## DATASET ENTRIES
▼

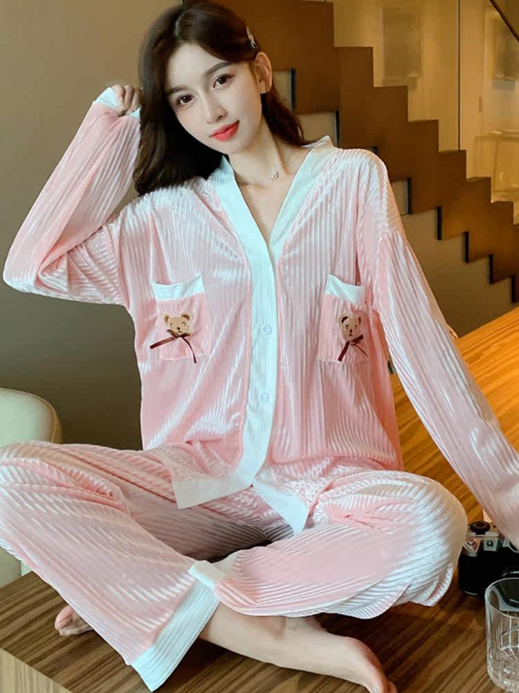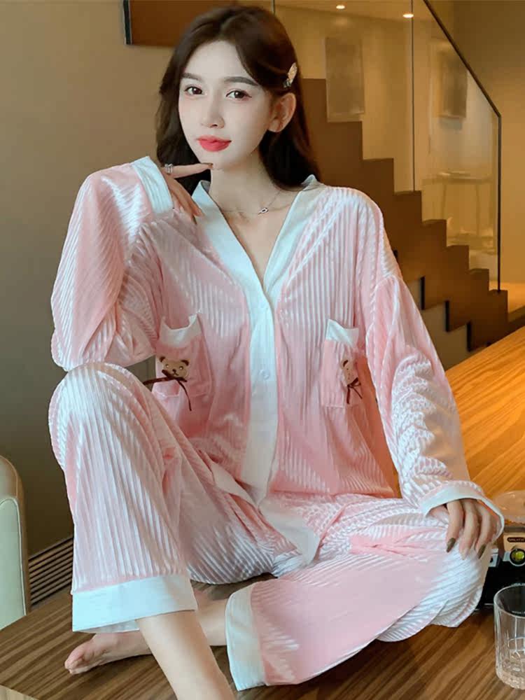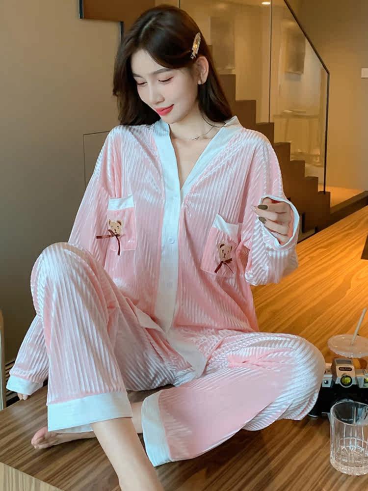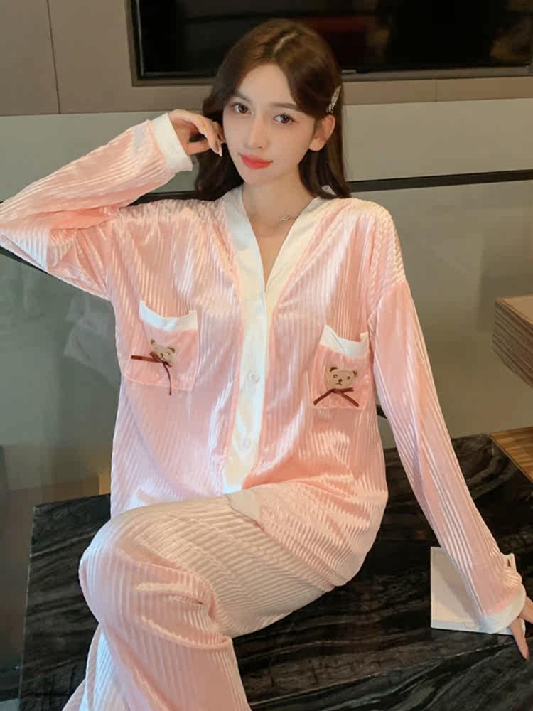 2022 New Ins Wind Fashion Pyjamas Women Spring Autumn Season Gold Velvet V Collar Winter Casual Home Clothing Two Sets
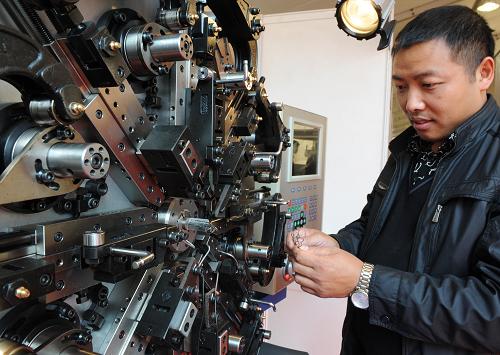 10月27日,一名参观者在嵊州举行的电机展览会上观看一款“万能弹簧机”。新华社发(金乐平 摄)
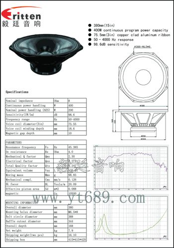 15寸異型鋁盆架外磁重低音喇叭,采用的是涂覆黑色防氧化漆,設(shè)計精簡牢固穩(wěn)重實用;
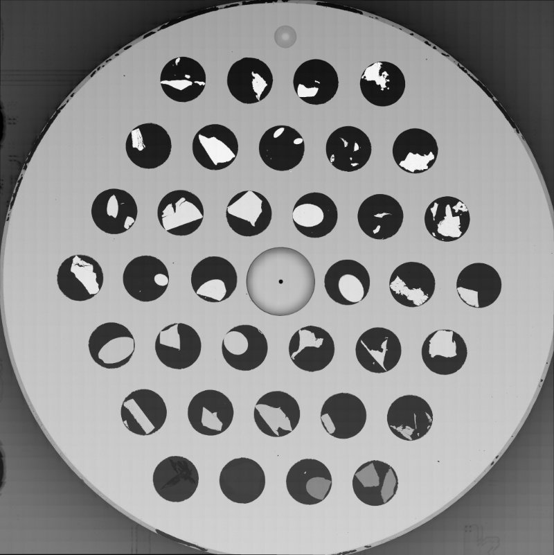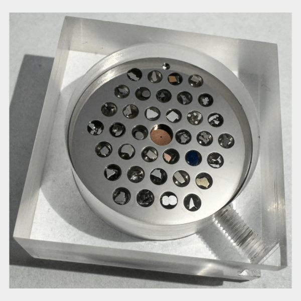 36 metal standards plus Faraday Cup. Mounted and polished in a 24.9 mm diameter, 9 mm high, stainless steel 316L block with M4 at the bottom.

▲
▼

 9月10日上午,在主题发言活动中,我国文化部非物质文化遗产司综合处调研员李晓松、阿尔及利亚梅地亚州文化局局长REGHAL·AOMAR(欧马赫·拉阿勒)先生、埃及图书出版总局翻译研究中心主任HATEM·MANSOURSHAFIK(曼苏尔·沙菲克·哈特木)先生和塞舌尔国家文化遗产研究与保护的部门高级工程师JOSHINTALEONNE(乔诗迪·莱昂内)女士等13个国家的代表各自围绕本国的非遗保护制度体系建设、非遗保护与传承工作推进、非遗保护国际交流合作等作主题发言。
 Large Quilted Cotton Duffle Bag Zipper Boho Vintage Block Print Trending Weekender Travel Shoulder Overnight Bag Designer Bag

▲

Given the listing above, retype only the span of lines from the line with "15寸異型鋁盆架外磁重低音喇" up to and including the line with "36 metal standards", exactly as it stands and without pictures.

 15寸異型鋁盆架外磁重低音喇叭,采用的是涂覆黑色防氧化漆,設(shè)計精簡牢固穩(wěn)重實用;
 36 metal standards plus Faraday Cup. Mounted and polished in a 24.9 mm diameter, 9 mm high, stainless steel 316L block with M4 at the bottom.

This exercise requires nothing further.